Data shown
BEGIN
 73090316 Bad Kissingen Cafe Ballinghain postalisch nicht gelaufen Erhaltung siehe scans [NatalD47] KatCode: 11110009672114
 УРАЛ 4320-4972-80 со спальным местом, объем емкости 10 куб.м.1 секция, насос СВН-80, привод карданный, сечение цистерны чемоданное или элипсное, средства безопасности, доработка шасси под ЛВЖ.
END
BEGIN
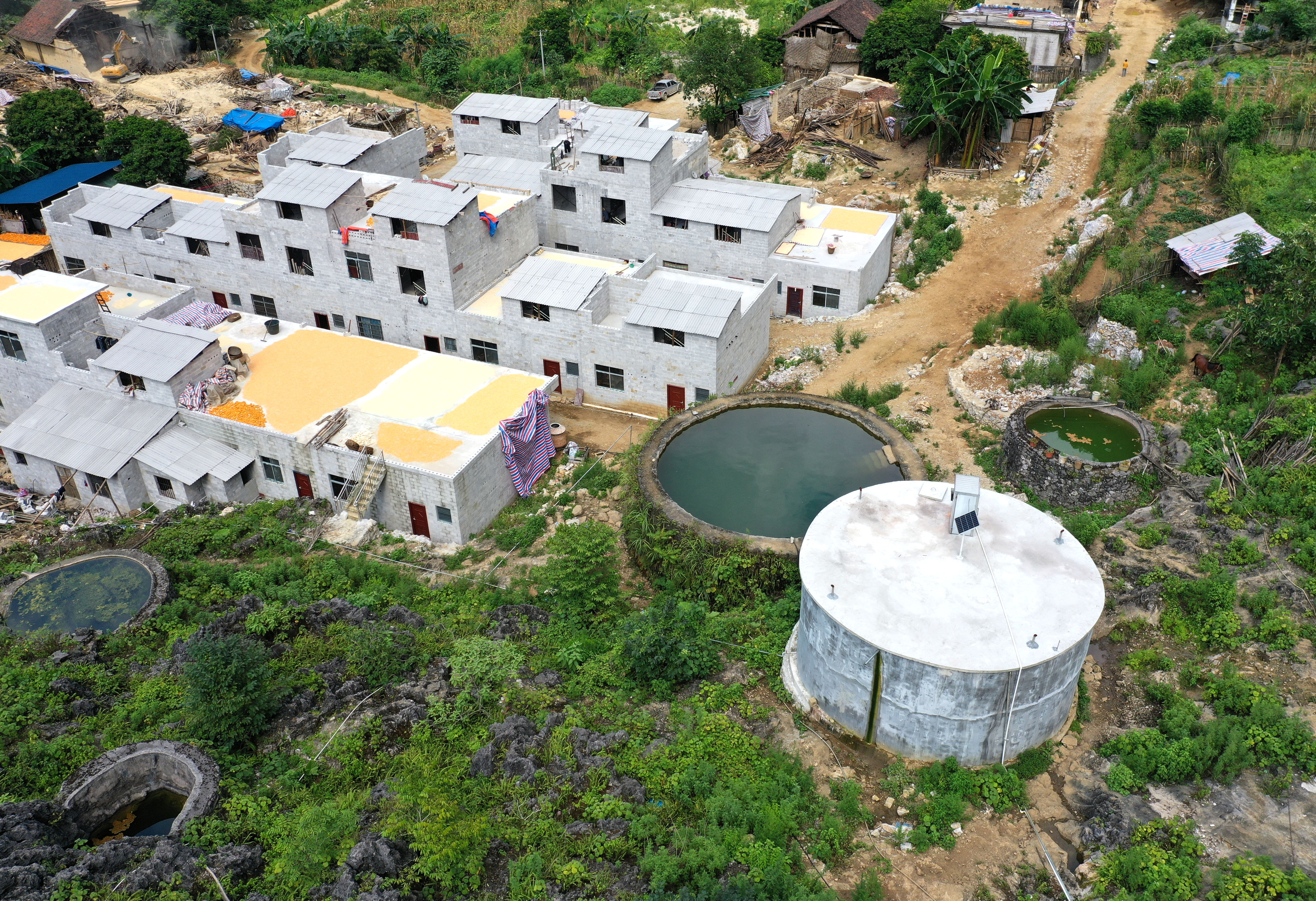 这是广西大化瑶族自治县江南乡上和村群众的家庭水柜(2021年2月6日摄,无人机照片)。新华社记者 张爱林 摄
END
BEGIN
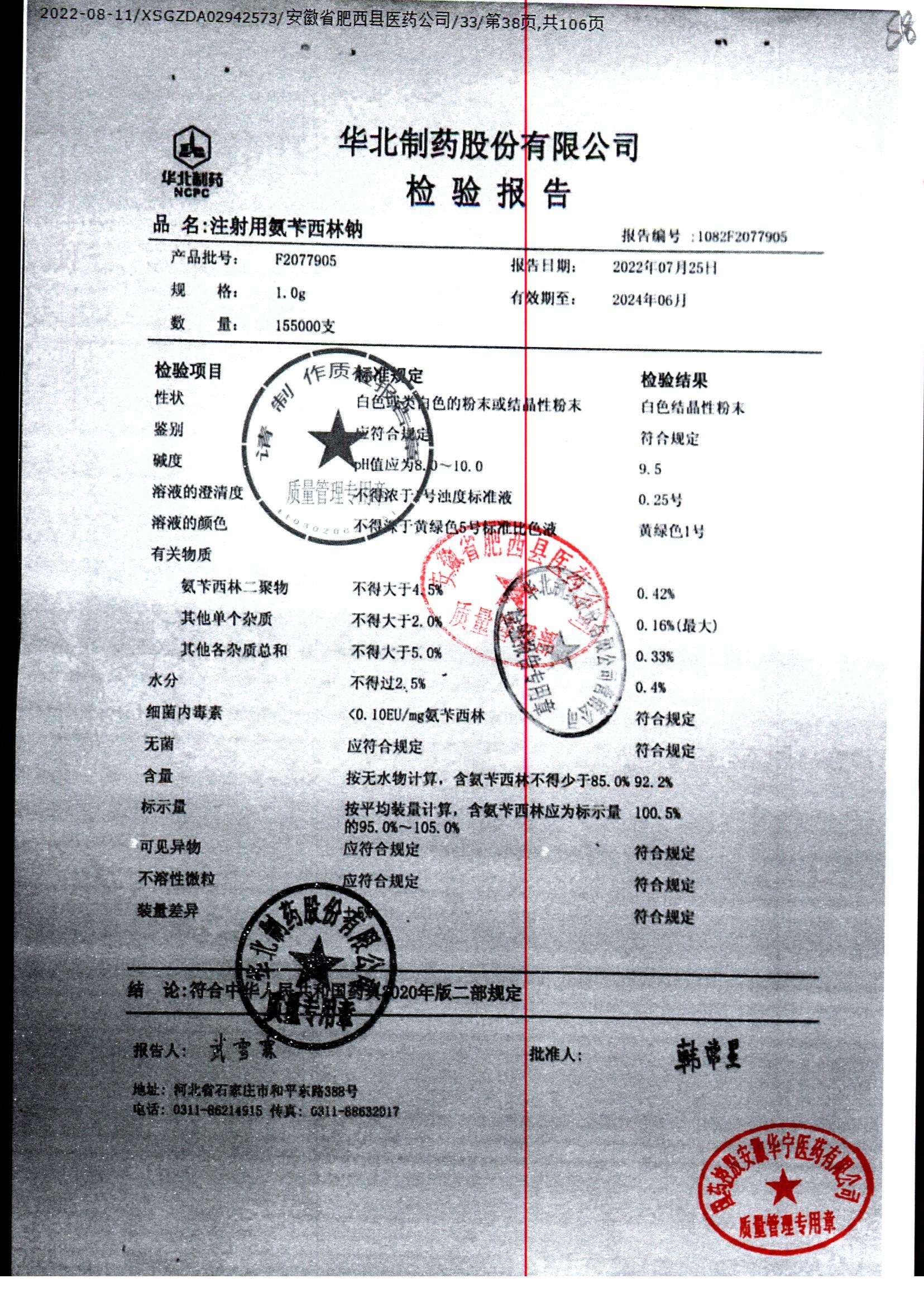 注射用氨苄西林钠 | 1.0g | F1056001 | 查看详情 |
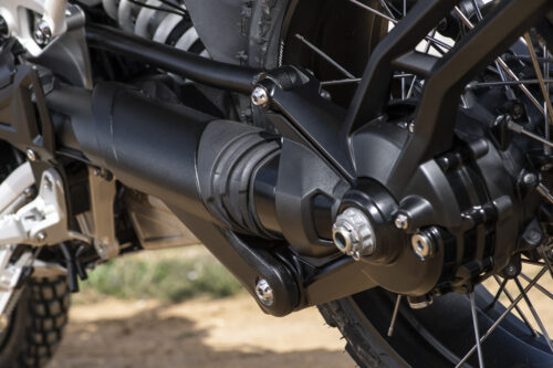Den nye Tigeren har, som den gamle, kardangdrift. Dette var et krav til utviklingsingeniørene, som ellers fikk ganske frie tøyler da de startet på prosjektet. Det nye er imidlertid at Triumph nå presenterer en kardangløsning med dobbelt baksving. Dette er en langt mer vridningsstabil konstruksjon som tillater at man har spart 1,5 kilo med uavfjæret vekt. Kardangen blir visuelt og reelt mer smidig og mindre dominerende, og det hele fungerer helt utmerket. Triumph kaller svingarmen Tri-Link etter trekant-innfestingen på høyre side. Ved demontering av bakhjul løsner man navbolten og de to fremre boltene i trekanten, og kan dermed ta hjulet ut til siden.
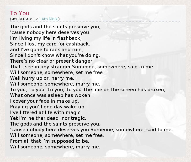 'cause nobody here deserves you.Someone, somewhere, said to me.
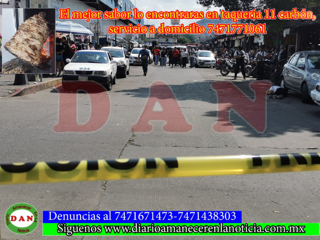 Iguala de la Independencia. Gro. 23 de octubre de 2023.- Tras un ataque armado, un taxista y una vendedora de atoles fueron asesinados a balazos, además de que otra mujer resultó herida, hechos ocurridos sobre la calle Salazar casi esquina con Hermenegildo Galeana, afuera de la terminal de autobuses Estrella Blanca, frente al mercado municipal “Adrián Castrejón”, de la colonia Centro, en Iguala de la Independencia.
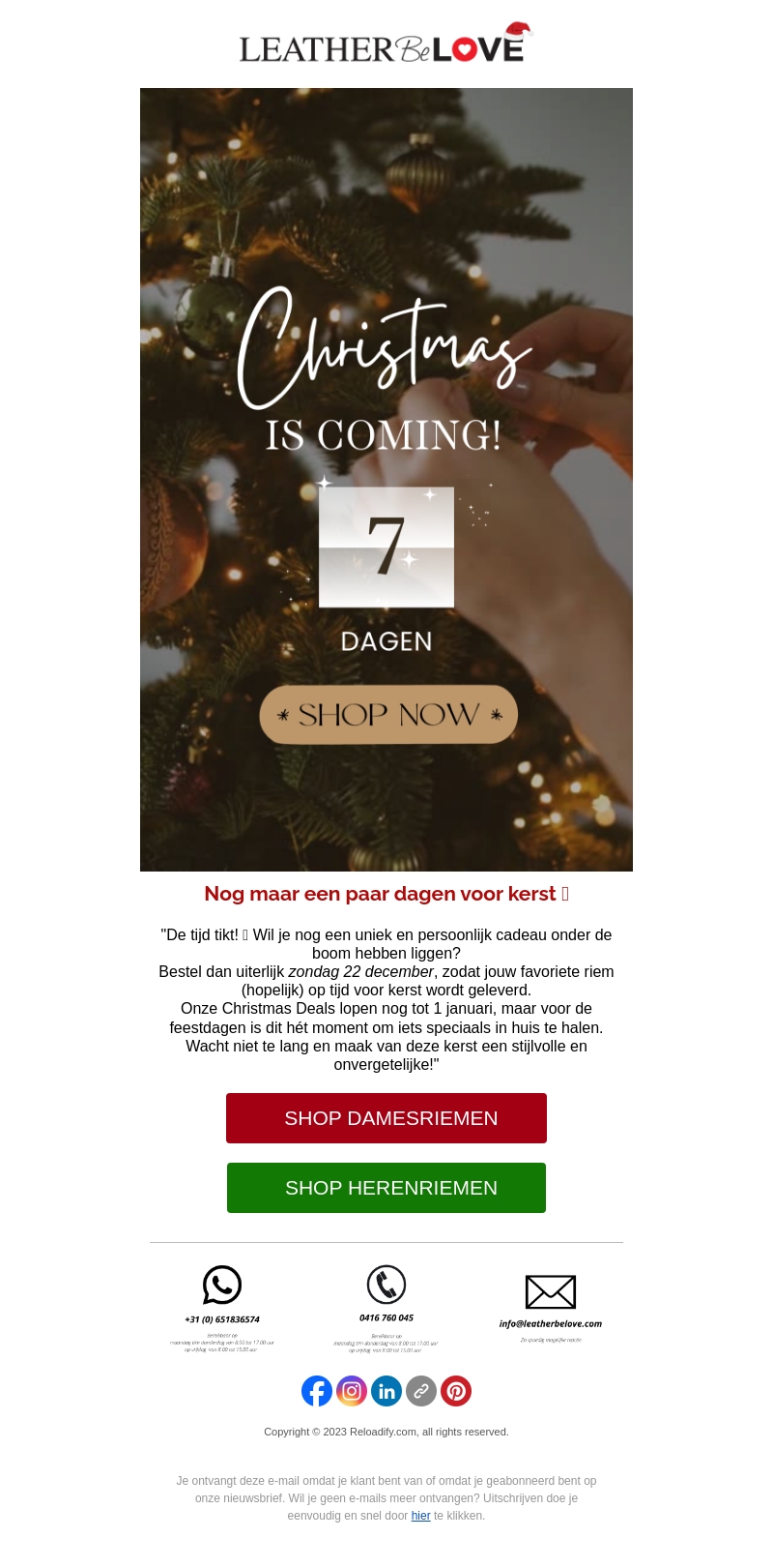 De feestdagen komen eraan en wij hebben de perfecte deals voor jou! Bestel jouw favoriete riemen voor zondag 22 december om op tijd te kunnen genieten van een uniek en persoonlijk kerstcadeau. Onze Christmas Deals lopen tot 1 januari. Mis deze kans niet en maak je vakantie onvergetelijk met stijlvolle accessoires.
END
Task details
Beginning with the line that contains "Den nye Tigeren", write out the lines of the material above exactly, and end with the line that contains "De feestdagen komen". Omit the pictures.

Exercise solution
Den nye Tigeren har, som den gamle, kardangdrift. Dette var et krav til utviklingsingeniørene, som ellers fikk ganske frie tøyler da de startet på prosjektet. Det nye er imidlertid at Triumph nå presenterer en kardangløsning med dobbelt baksving. Dette er en langt mer vridningsstabil konstruksjon som tillater at man har spart 1,5 kilo med uavfjæret vekt. Kardangen blir visuelt og reelt mer smidig og mindre dominerende, og det hele fungerer helt utmerket. Triumph kaller svingarmen Tri-Link etter trekant-innfestingen på høyre side. Ved demontering av bakhjul løsner man navbolten og de to fremre boltene i trekanten, og kan dermed ta hjulet ut til siden.
 'cause nobody here deserves you.Someone, somewhere, said to me.
 Iguala de la Independencia. Gro. 23 de octubre de 2023.- Tras un ataque armado, un taxista y una vendedora de atoles fueron asesinados a balazos, además de que otra mujer resultó herida, hechos ocurridos sobre la calle Salazar casi esquina con Hermenegildo Galeana, afuera de la terminal de autobuses Estrella Blanca, frente al mercado municipal “Adrián Castrejón”, de la colonia Centro, en Iguala de la Independencia.
 De feestdagen komen eraan en wij hebben de perfecte deals voor jou! Bestel jouw favoriete riemen voor zondag 22 december om op tijd te kunnen genieten van een uniek en persoonlijk kerstcadeau. Onze Christmas Deals lopen tot 1 januari. Mis deze kans niet en maak je vakantie onvergetelijk met stijlvolle accessoires.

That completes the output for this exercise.